=== Dataset extract ===
▬▬▬▬▬▬▬▬▬▬

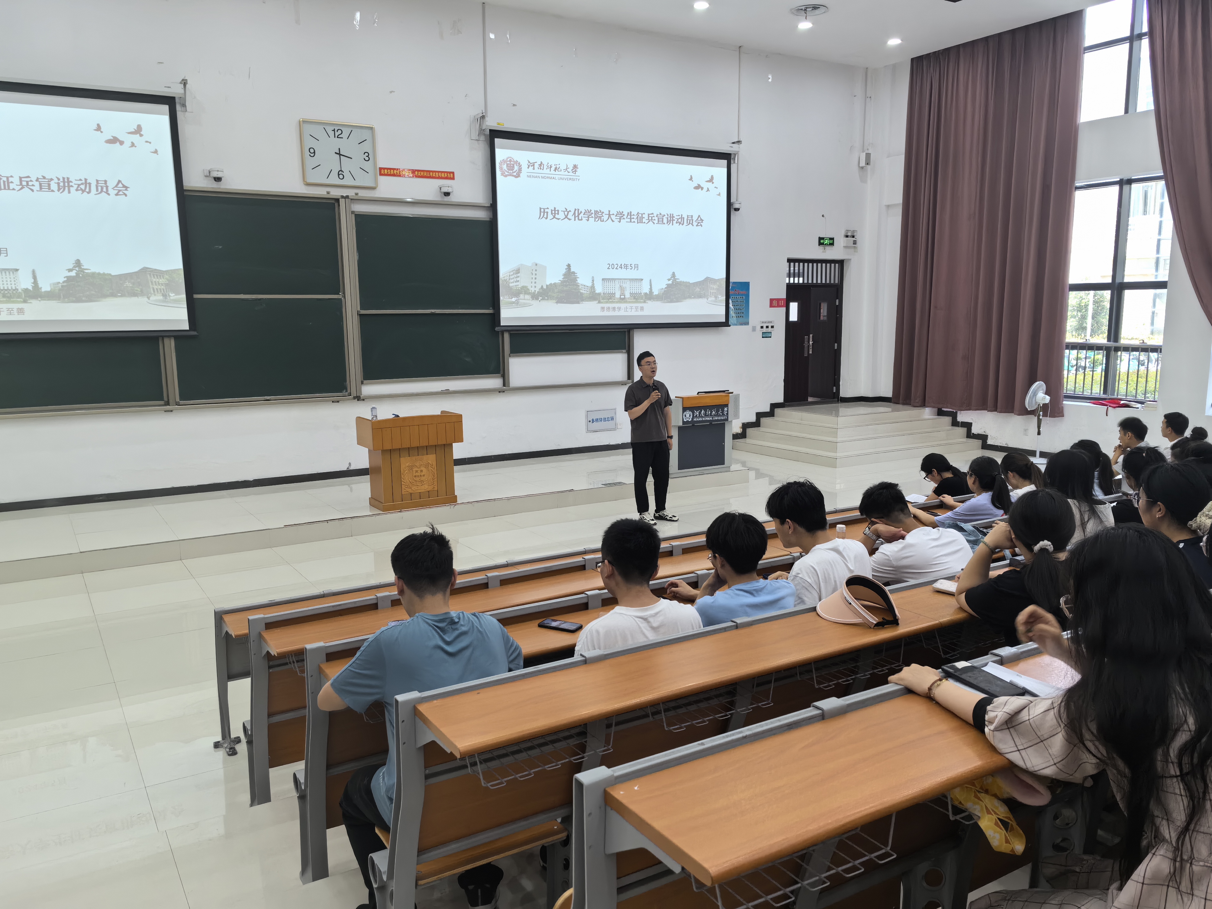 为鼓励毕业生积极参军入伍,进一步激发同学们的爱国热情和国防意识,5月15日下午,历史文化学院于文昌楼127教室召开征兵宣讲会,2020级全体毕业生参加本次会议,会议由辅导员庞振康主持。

▬▬▬▬▬▬▬▬▬▬

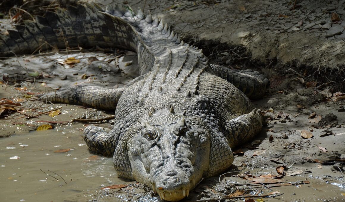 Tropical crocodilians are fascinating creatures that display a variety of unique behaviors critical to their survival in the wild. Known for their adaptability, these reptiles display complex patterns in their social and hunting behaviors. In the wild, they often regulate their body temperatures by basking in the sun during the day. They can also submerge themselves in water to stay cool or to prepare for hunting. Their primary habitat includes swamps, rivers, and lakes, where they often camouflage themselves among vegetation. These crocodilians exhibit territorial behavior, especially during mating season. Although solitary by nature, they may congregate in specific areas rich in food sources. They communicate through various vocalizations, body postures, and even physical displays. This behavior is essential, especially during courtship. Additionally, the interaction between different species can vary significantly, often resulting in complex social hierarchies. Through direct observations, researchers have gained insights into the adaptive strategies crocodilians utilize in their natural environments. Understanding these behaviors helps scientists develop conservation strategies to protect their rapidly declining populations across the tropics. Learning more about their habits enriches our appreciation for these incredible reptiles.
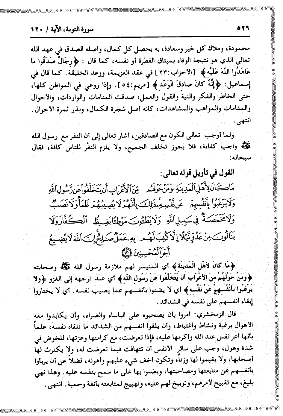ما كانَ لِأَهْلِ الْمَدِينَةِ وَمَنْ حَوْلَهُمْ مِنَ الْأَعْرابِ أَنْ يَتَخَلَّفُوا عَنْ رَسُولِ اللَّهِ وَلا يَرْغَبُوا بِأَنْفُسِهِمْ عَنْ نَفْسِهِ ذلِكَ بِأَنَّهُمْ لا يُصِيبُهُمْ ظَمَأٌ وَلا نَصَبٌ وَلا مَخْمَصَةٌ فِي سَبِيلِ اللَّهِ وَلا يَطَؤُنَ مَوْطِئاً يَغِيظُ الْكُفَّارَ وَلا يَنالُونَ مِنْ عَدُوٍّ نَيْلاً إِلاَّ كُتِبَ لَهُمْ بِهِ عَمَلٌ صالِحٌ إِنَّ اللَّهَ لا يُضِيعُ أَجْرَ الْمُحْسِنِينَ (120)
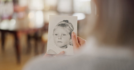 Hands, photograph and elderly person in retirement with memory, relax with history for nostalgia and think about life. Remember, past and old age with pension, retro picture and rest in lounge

▬▬▬▬▬▬▬▬▬▬

=== About this exercise ===
From the line with "ما كانَ لِأَهْلِ" up to and including the line with "Hands, photograph and" above, retype every line exactly and nothing more; leave out the pictures.

=== Finished task ===
ما كانَ لِأَهْلِ الْمَدِينَةِ وَمَنْ حَوْلَهُمْ مِنَ الْأَعْرابِ أَنْ يَتَخَلَّفُوا عَنْ رَسُولِ اللَّهِ وَلا يَرْغَبُوا بِأَنْفُسِهِمْ عَنْ نَفْسِهِ ذلِكَ بِأَنَّهُمْ لا يُصِيبُهُمْ ظَمَأٌ وَلا نَصَبٌ وَلا مَخْمَصَةٌ فِي سَبِيلِ اللَّهِ وَلا يَطَؤُنَ مَوْطِئاً يَغِيظُ الْكُفَّارَ وَلا يَنالُونَ مِنْ عَدُوٍّ نَيْلاً إِلاَّ كُتِبَ لَهُمْ بِهِ عَمَلٌ صالِحٌ إِنَّ اللَّهَ لا يُضِيعُ أَجْرَ الْمُحْسِنِينَ (120)
 Hands, photograph and elderly person in retirement with memory, relax with history for nostalgia and think about life. Remember, past and old age with pension, retro picture and rest in lounge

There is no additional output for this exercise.